The last three sentences reject a heightened pleading standard. Twombly and Iqbal aren't on point in Johnson because the complaint met those standards. Petitioners only had to meet the Rule 8 standards for factual allegations: "Federal pleading rules call for "a short and plain statement of the claim showing that the pleader is entitled to relief," Fed. Rule Civ. Proc. 8(a)(2); they do not countenance dismissal of a complaint for imperfect statement of the legal theory supporting the claim asserted. See Advisory Committee Report of October 1955, reprinted in 12A C. Wright, A. Miller, M. Kane, R. Marcus, and A. Steinman, Federal Practice 347*347 and Procedure, p. 644 (2014 ed.) (Federal Rules of Civil Procedure "are designed to discourage battles over mere form of statement"); 5 C. Wright & A. Miller, § 1215, p. 172 (3d ed. 2002) (Rule 8(a)(2) "indicates that a basic objective of the rules is to avoid civil cases turning on technicalities"). In particular, no heightened pleading rule requires plaintiffs seeking damages for violations of constitutional rights to invoke § 1983 expressly in order to state a claim."
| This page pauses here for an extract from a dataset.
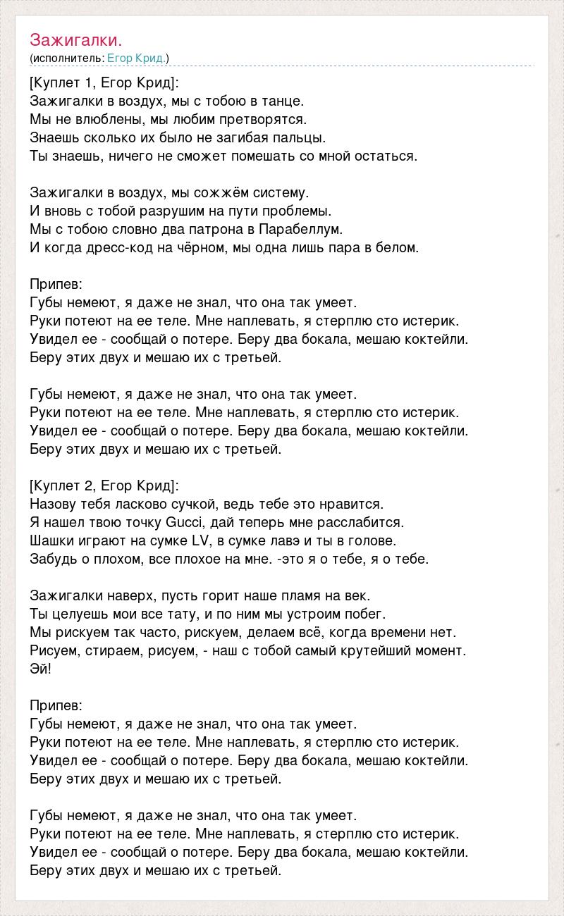 [Куплет 1, Егор Крид]: Зажигалки в воздух, мы с тобою в танце. Мы не влюблены, мы любим претворятся. Знаешь сколько их было не загибая пальцы. Ты знаешь, ничего не сможет помешать со мной остаться. Зажигалки в воздух, мы сожжём систему. И вновь с тобой разрушим на пути проблемы. Мы с тобою словно два патрона в Парабеллум. И когда дресс-код на чёрном, мы одна лишь пара в белом. Припев: Губы немеют, я даже не знал, что она так умеет. Руки потеют на ее теле. Мне наплевать, я стерплю сто истерик. Увидел ее - сообщай о потере. Беру два бокала, мешаю коктейли. Беру этих двух и мешаю их с третьей. Губы немеют, я даже не знал, что она так умеет. Руки потеют на ее теле. Мне наплевать, я стерплю сто истерик. Увидел ее - сообщай о потере. Беру два бокала, мешаю коктейли. Беру этих двух и мешаю их с третьей. [Куплет 2, Егор Крид]: Назову тебя ласково сучкой, ведь тебе это нравится. Я нашел твою точку Gucci, дай теперь мне расслабится. Шашки играют на сумке LV, в сумке лавэ и ты в голове. Забудь о плохом, все плохое на мне. -это я о тебе, я о тебе. Зажигалки наверх, пусть горит наше пламя на век. Ты целуешь мои все тату, и по ним мы устроим побег. Мы рискуем так часто, рискуем, делаем всё, когда времени нет. Рисуем, стираем, рисуем, - наш с тобой самый крутейший момент. Эй! Припев: Губы немеют, я даже не знал, что она так умеет. Руки потеют на ее теле. Мне наплевать, я стерплю сто истерик. Увидел ее - сообщай о потере. Беру два бокала, мешаю коктейли. Беру этих двух и мешаю их с третьей. Губы немеют, я даже не знал, что она так умеет. Руки потеют на ее теле. Мне наплевать, я стерплю сто истерик. Увидел ее - сообщай о потере. Беру два бокала, мешаю коктейли. Беру этих двух и мешаю их с третьей.

(3) Re: Bank v. Pitt, you are flat-out lying, so you must be a lawyer. From Bank: "This is still true where the plaintiff does not seek leave until after the district court renders final judgment, see Thomas, 847 F.2d at 773 (after district court dismissed plaintiff's complaint with prejudice, plaintiff filed motion for reconsideration that was denied; this court reversed and remanded, directing that plaintiff be permitted to amend his complaint), and even where the plaintiff never seeks leave to amend in the district court, but instead appeals the district court's dismissal, see Sarter v. Mays, 491 F.2d 675, 676 (5th Cir.1974) (complaint dismissed with prejudice and plaintiff appealed; court of appeals stated that "if the complaint does not adequately apprise the defendant of the nature of the plaintiff's claim, the court should allow the plaintiff to amend the pleadings to more plainly delineate the cause of action rather than dismiss the complaint.")
No need to split hairs to see that you are wrong on every point. Congrats.